Start of DATA SHOWN

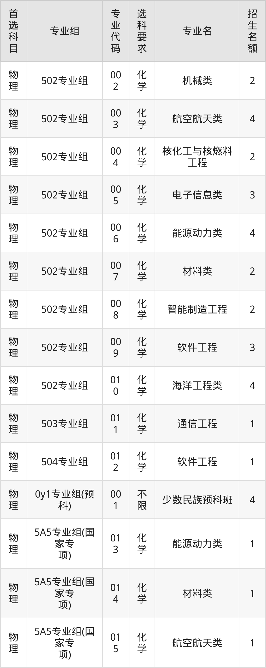 各专业选科要求、招生名额汇总如下:
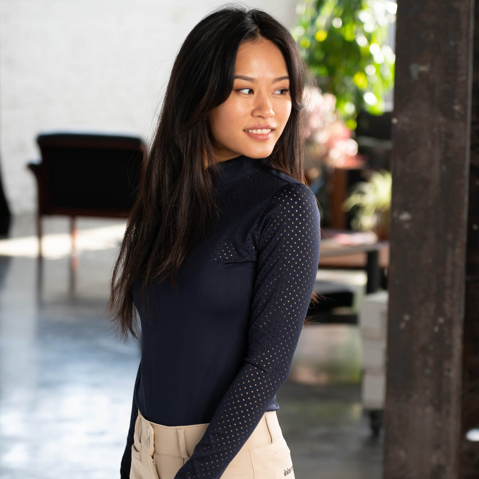 Funktionsshirt Damen Star Gold Langarmshirt von etalon vert ist die ideale Verbindung von Stil und Funktionalität. Mit seiner sportlichen Leichtigkeit und der hohen Atmungsaktivität bietet es dir Komfort und Flexibilität, während du im Stallalltag zum absoluten Hingucker wirst.
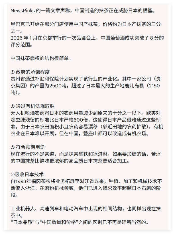 日本人认为中国制造的抹茶正在威胁日本的根基。
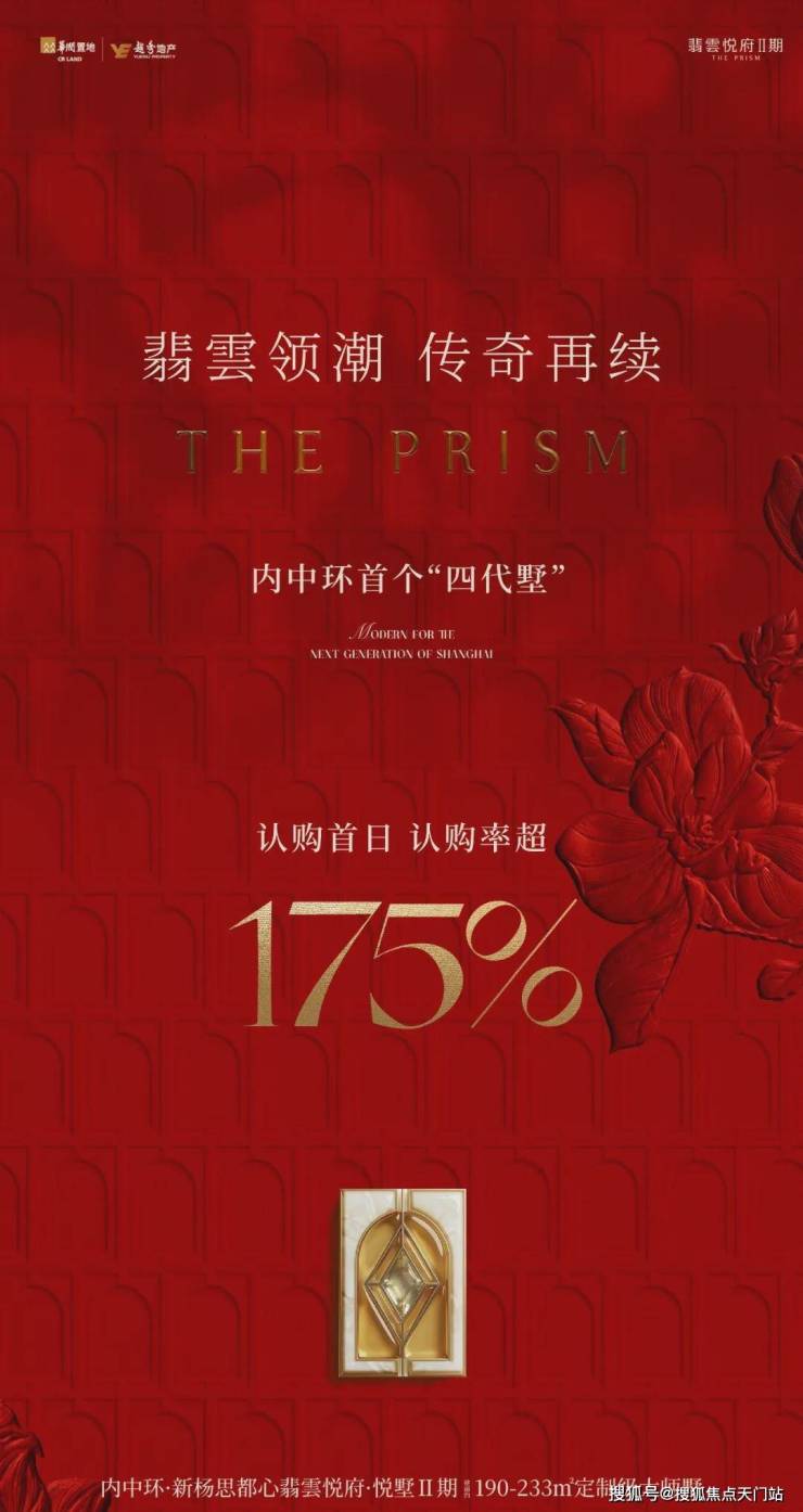 「翡雲悦府」浦东中环四代墅加推,首开认购率破175%,总价2400万起,上海首个定制化四代墅,稀缺地段,价格诚意十足。
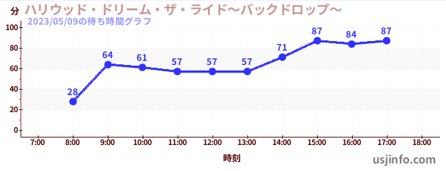 • ハリウッド・ドリーム・ザ・ライド〜バックドロップ〜$B$N(B2023年05月09日の待ち時間
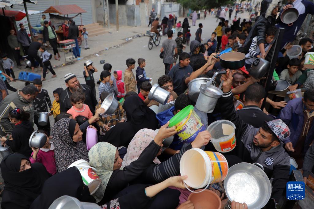 11月19日,在加沙地帶南部城市拉法,人們領(lǐng)取救濟食物。
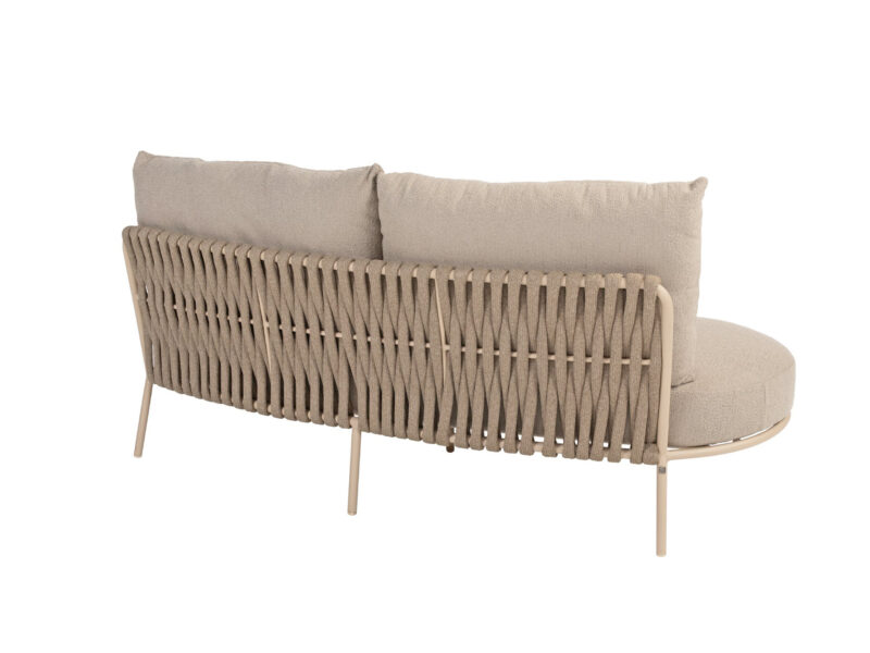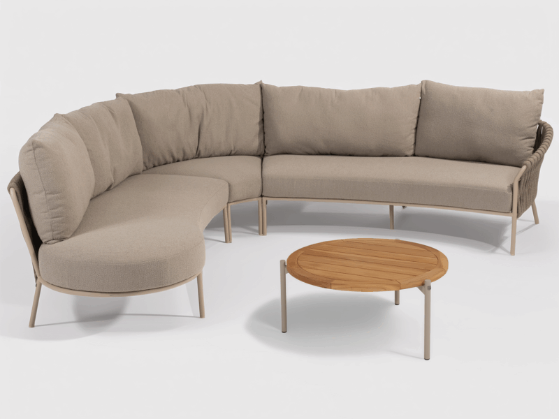 Elegantná sedacia súprava v teplom odtieni latte z hliníka, olefínu a výpletu z lana ponúka pohodlie, štýl a odolnosť. Doplnená o stolík Yoga s teakovou doskou a stabilnou hliníkovou konštrukciou – ideálna voľba pre nadčasové vonkajšie posedenie.
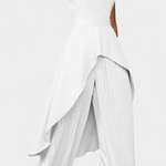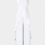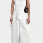 Elegáns minimalizmus, folyékony és kifinomult sziluettel. A Chrysoula szett egy ujjatlan topot kombinál, zárt nyakkivágással és aszimmetrikus struktúrával, valamint széles, plisszírozott nadrággal. A felsőtest struktúrája és a nadrág könnyedsége közötti kontraszt modern és kifinomult megjelenést teremt.
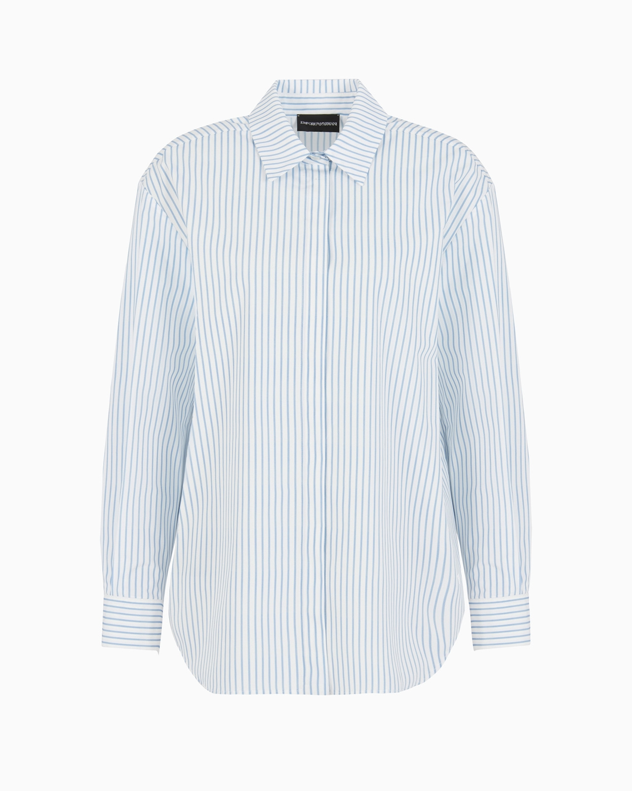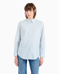Fresh, pure cotton-poplin shirt with classic collar. A piece that adds a casual touch to any look, while the masculine cut confirms its modern allure. Product Code: 6D2C722N0FZ1F125 Details Composition 100% Cotton Poplin Classic collar Mother-of-pearl button at the neckline Concealed buttoning Long sleeves Single-buttoned cuffs Micro eagle embroidered on the left hem Fitting The model is 178 cm tall and is wearing size 40/S (Italian Size)

End of DATA SHOWN

WORK ITEM> Write out the whole listing verbatim, images excluded.

PROBLEM SOLUTION>
 各专业选科要求、招生名额汇总如下:
 Funktionsshirt Damen Star Gold Langarmshirt von etalon vert ist die ideale Verbindung von Stil und Funktionalität. Mit seiner sportlichen Leichtigkeit und der hohen Atmungsaktivität bietet es dir Komfort und Flexibilität, während du im Stallalltag zum absoluten Hingucker wirst.
 日本人认为中国制造的抹茶正在威胁日本的根基。
 「翡雲悦府」浦东中环四代墅加推,首开认购率破175%,总价2400万起,上海首个定制化四代墅,稀缺地段,价格诚意十足。
 • ハリウッド・ドリーム・ザ・ライド〜バックドロップ〜$B$N(B2023年05月09日の待ち時間
 11月19日,在加沙地帶南部城市拉法,人們領(lǐng)取救濟食物。
 Elegantná sedacia súprava v teplom odtieni latte z hliníka, olefínu a výpletu z lana ponúka pohodlie, štýl a odolnosť. Doplnená o stolík Yoga s teakovou doskou a stabilnou hliníkovou konštrukciou – ideálna voľba pre nadčasové vonkajšie posedenie.
 Elegáns minimalizmus, folyékony és kifinomult sziluettel. A Chrysoula szett egy ujjatlan topot kombinál, zárt nyakkivágással és aszimmetrikus struktúrával, valamint széles, plisszírozott nadrággal. A felsőtest struktúrája és a nadrág könnyedsége közötti kontraszt modern és kifinomult megjelenést teremt.
Fresh, pure cotton-poplin shirt with classic collar. A piece that adds a casual touch to any look, while the masculine cut confirms its modern allure. Product Code: 6D2C722N0FZ1F125 Details Composition 100% Cotton Poplin Classic collar Mother-of-pearl button at the neckline Concealed buttoning Long sleeves Single-buttoned cuffs Micro eagle embroidered on the left hem Fitting The model is 178 cm tall and is wearing size 40/S (Italian Size)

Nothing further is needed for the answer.